Recall that the read_excel function guesses the file extension. Nonetheless, if you know the file extension you are going to read you can use the corresponding function of the following to avoid guessing:

# If you know the extension of your Excel file
# use one of these functions instead

# For XLS files
read_xls()

# For XLSX files
read_xlsx()

openxlsx package

The openxlsx package uses Rcpp and, as it doesn’t depend on JAVA, it is an interesting alternative to to the readxl package to read an Excel file in R. The differences respect to the previous package are that the output is of class data.frame by default instead of tibble and that its main use is not just importing Excel files, as it also provides a wide variety of functions to write, style and edit Excel files.

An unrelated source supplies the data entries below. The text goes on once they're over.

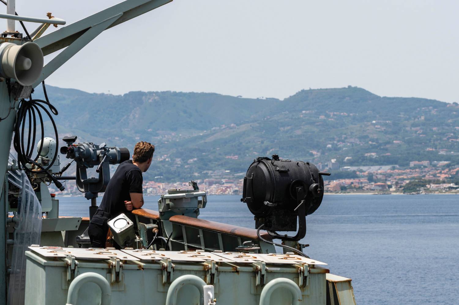 A sailor of HMCS FREDERICTON admires the coastline view of Italy as the ship sails through the Strait of Messina in the Mediterranean Sea during Operation REASSURANCE on June 23, 2023.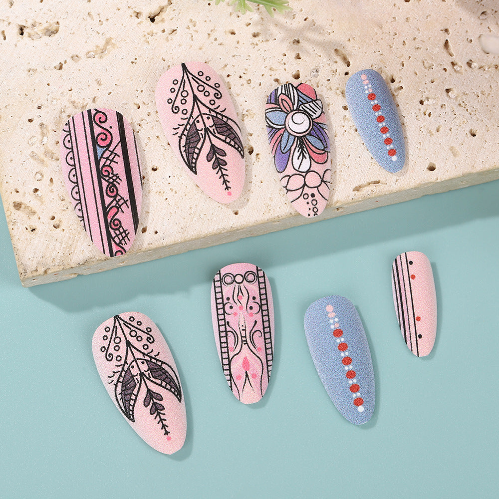 Elevate your nail game with this stunning Boho press-on nails set, designed for those who love bold, artistic expression. Featuring a mix of matte rose, navy blue, and peach shades, each long almond nail is adorned with unique floral, tribal, and geometric motifs. From mandalas to leaf-inspired doodles, these intricate designs create a perfect balance of elegance and creativity. Made from high-quality acrylic, they’re lightweight, durable, and easy to apply for a salon-worthy manicure at home. Whether you’re heading to a festival, a getaway, or simply want to make a stylish statement, these nails are your go-to accessory. Sourced from Worldwide Suppliers, this set combines cultural artistry with modern wearability for a truly unique look.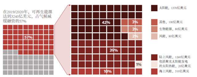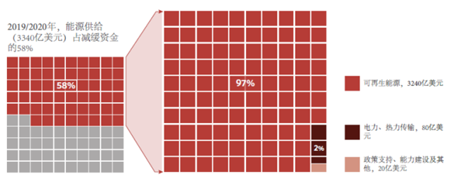 2019-2020年,90%可溯源的氣候投融資用于減緩氣候變化,平均每年達(dá)到5710億美元,比2017-2018年增加了340億美元左右。如下圖所示,減緩資金中,對(duì)于能源供給的投資是主要組成部分(3340億美元,58%),同時(shí)也占全部氣候融資資金的53%。盡管新冠肺炎疫情對(duì)全球經(jīng)濟(jì)產(chǎn)生了影響,但年平均與2017/2018年相比,2019/2020年的可再生能源投資保持穩(wěn)定,在全部能源融資資金中占比97%。值得注意的是,由于太陽能和風(fēng)能技術(shù)的成本大幅降低,同樣的投資水平可以轉(zhuǎn)化為比2017/2018年更大的新增產(chǎn)能。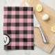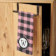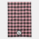 Classic Black and Pink Buffalo Plaid with Monogram Tea Towel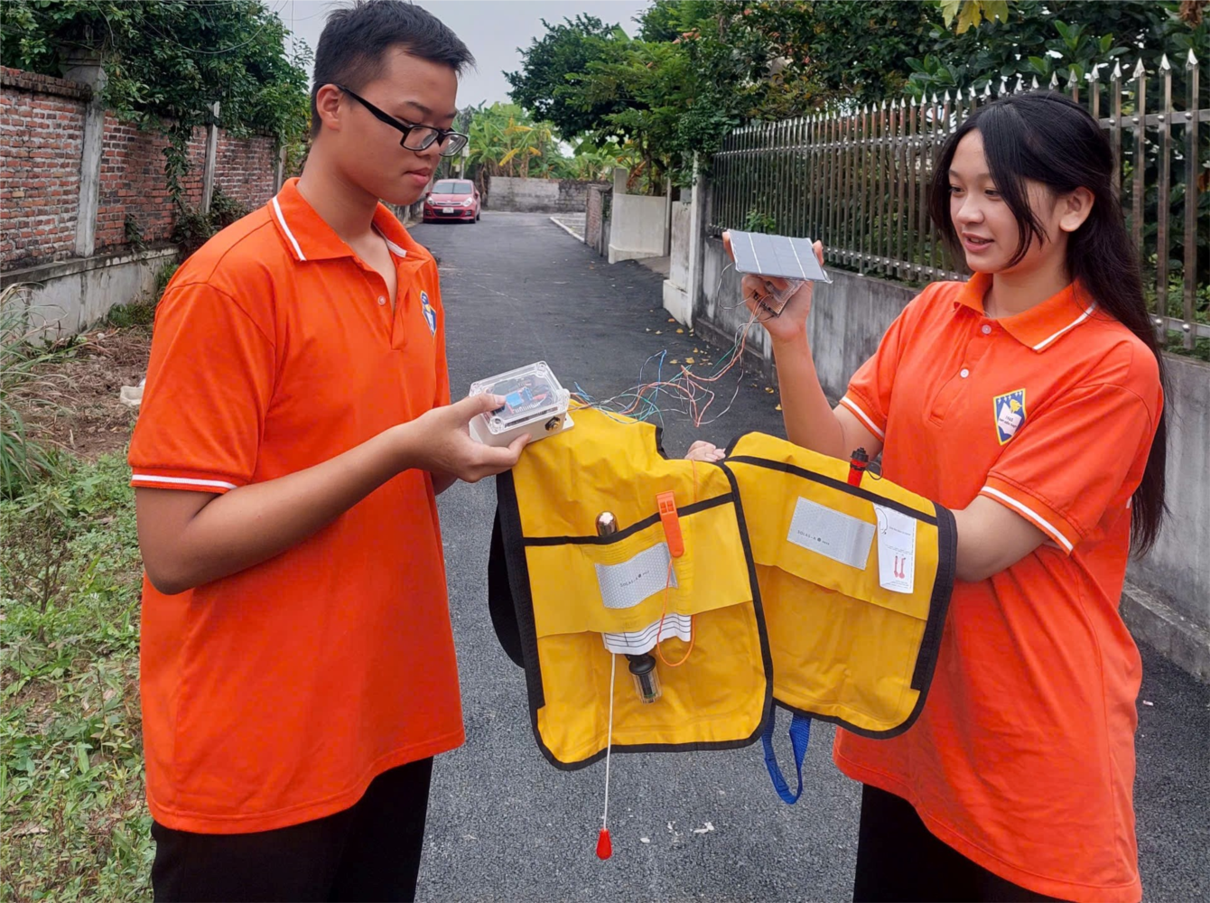 Từ thực tế đó nhóm học sinh Nguyễn Công Thành (lớp 10C2) và Nguyễn Mỹ Linh (lớp 12A1), dưới sự hướng dẫn của cô giáo Nguyễn Thị Định, đã lựa chọn tiếp cận vấn đề theo hướng gắn với thực tiễn đời sống thông qua dự án “Áo phao thông minh tích hợp định vị GPS, cảm biến sinh học, AI dự đoán nguy hiểm và năng lượng mặt trời”.

The function to read XLSX files is named read.xlsx:

# install.packages("openxlsx")
library(openxlsx)

read.xlsx(file_path)
                  name     value
1                 Name    Clippy
2              Species paperclip
3 Approx date of death     39083
4      Weight in grams       0.9

As in the function of the previous package, there are several arguments you can customize, as sheet, skip or colNames. If you want to select specific cells you can make use of the rows and cols arguments. Recall to type ?read.xlsx or help(read.xlsx) for additional information.

read.xlsx(file_path, cols = 1:2, rows = 2:3)
     Name    Clippy
1 Species paperclip

The xlsx package

Although this package requires JAVA installed on your computer it is very popular. The main functions to import Excel files are the read.xlsx and read.xlsx2. The second has slightly differences in the default arguments and it does more work in JAVA, achieving better performance.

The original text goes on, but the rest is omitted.